- Task instructions: Go to the line holding "Берем кружку, да" in the data below. Return it and each line after it through the last, exactly, and skip the pictures.

- Given data:
== Segment start ==

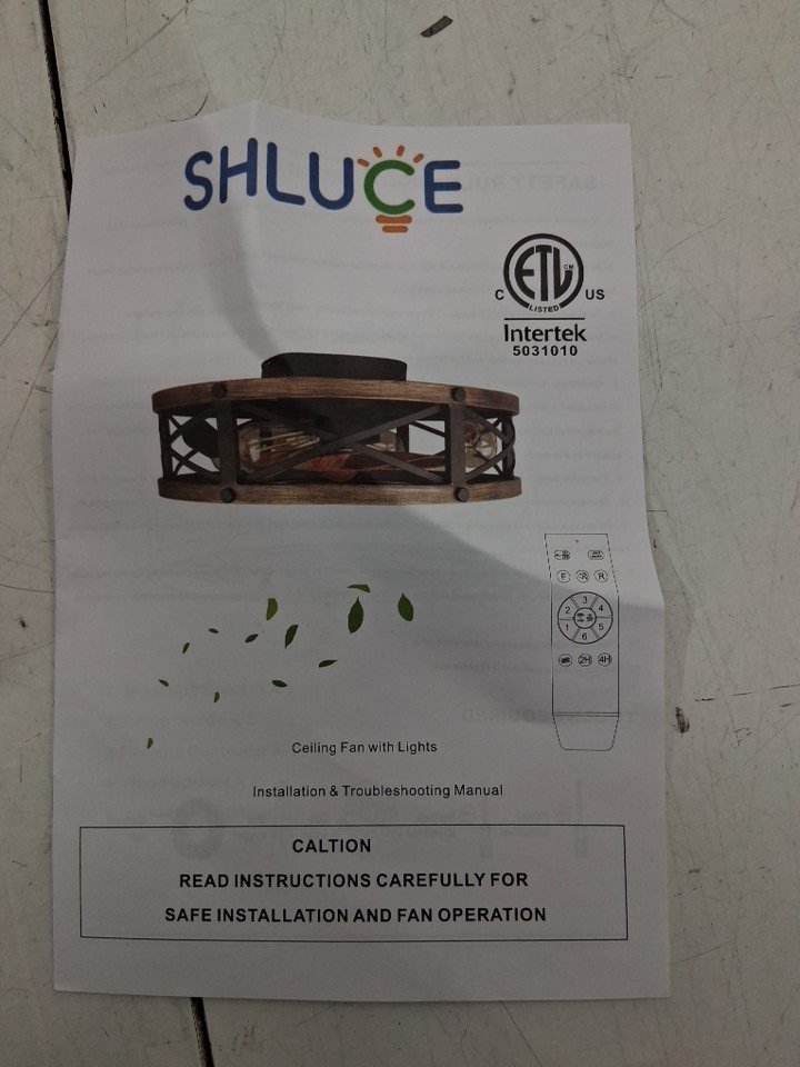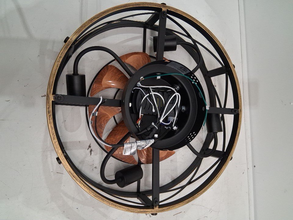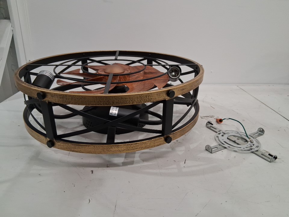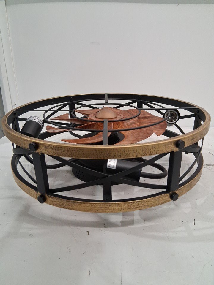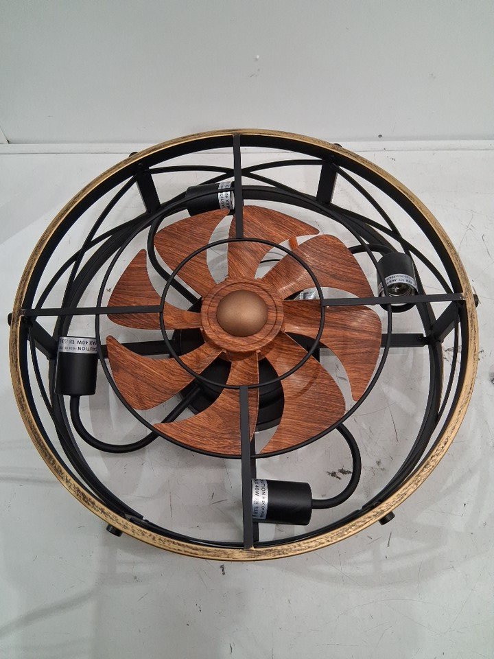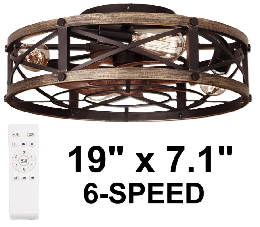 SHLUCE Farmhouse Flush Mount Caged 6-Speed Ceiling Fan With Lights - 19" x 7.1" - Black/Brown (Model: FLA003A)
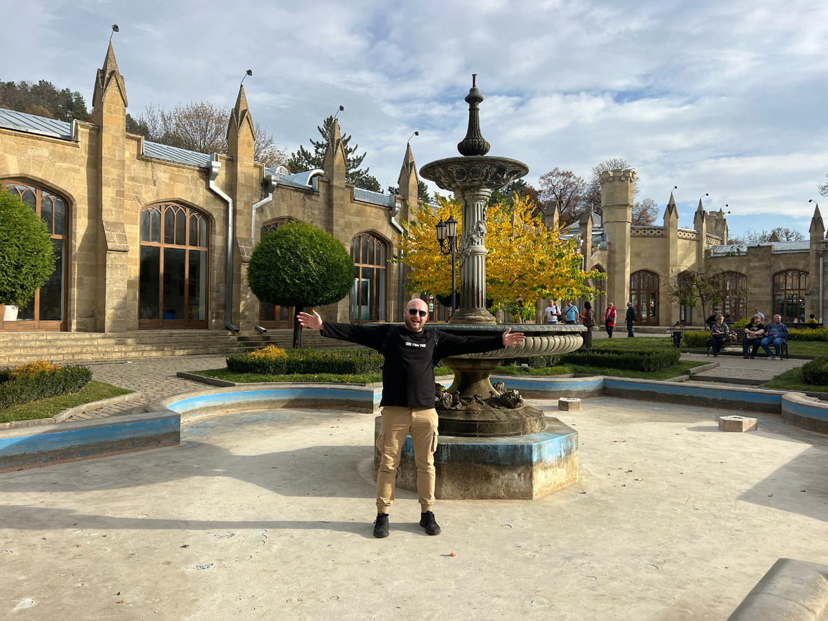 Берем кружку, да побольше и идем в Нарзанную галерею за глотком живительной минералки. Но сначала легкий променад по Курортному бульвару, это пожалуй, самое интересное место в городе. Изначально планируясь как витрина города-курорта, он не растерял своей помпезности за столетия. Интересно, что здесь можно встретить здания из разных эпох - и главное здание Нарзанных ванн в стиле модерн (хоть и симметричное), и здание Октябрьских ванн - образец конструктивизма 20-х, где на барельефе рабочие вместо серпов и молотов несут полотенца навстречу чистому и светлому будущему, и вполне себе современные постройки. И при всем этом не возникает какого-то диссонанса. Даже наоборот, видно, как город, переживая разные времена, будто делал определенные засечки постройками различных стилей и эпох. Но главным зданием в ансамбле Курортного бульвара является Нарзанная галерея. Архитектор решил поиграть словами и реально построил здание в форме ключа. Это довольно забавно. Самое здание возведено в стиле псев
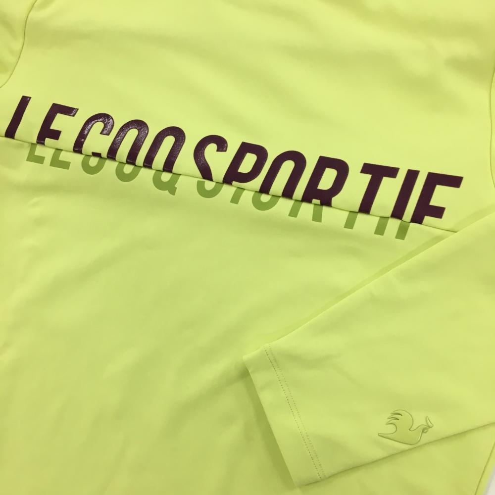 【美品】ルコックゴルフ 長袖ハイネックシャツ ライトグリーン×ボルドー系 フロントロゴ レディース M ゴルフウェア le coq sportif

== Segment end ==

- Solution:
 Берем кружку, да побольше и идем в Нарзанную галерею за глотком живительной минералки. Но сначала легкий променад по Курортному бульвару, это пожалуй, самое интересное место в городе. Изначально планируясь как витрина города-курорта, он не растерял своей помпезности за столетия. Интересно, что здесь можно встретить здания из разных эпох - и главное здание Нарзанных ванн в стиле модерн (хоть и симметричное), и здание Октябрьских ванн - образец конструктивизма 20-х, где на барельефе рабочие вместо серпов и молотов несут полотенца навстречу чистому и светлому будущему, и вполне себе современные постройки. И при всем этом не возникает какого-то диссонанса. Даже наоборот, видно, как город, переживая разные времена, будто делал определенные засечки постройками различных стилей и эпох. Но главным зданием в ансамбле Курортного бульвара является Нарзанная галерея. Архитектор решил поиграть словами и реально построил здание в форме ключа. Это довольно забавно. Самое здание возведено в стиле псев
 【美品】ルコックゴルフ 長袖ハイネックシャツ ライトグリーン×ボルドー系 フロントロゴ レディース M ゴルフウェア le coq sportif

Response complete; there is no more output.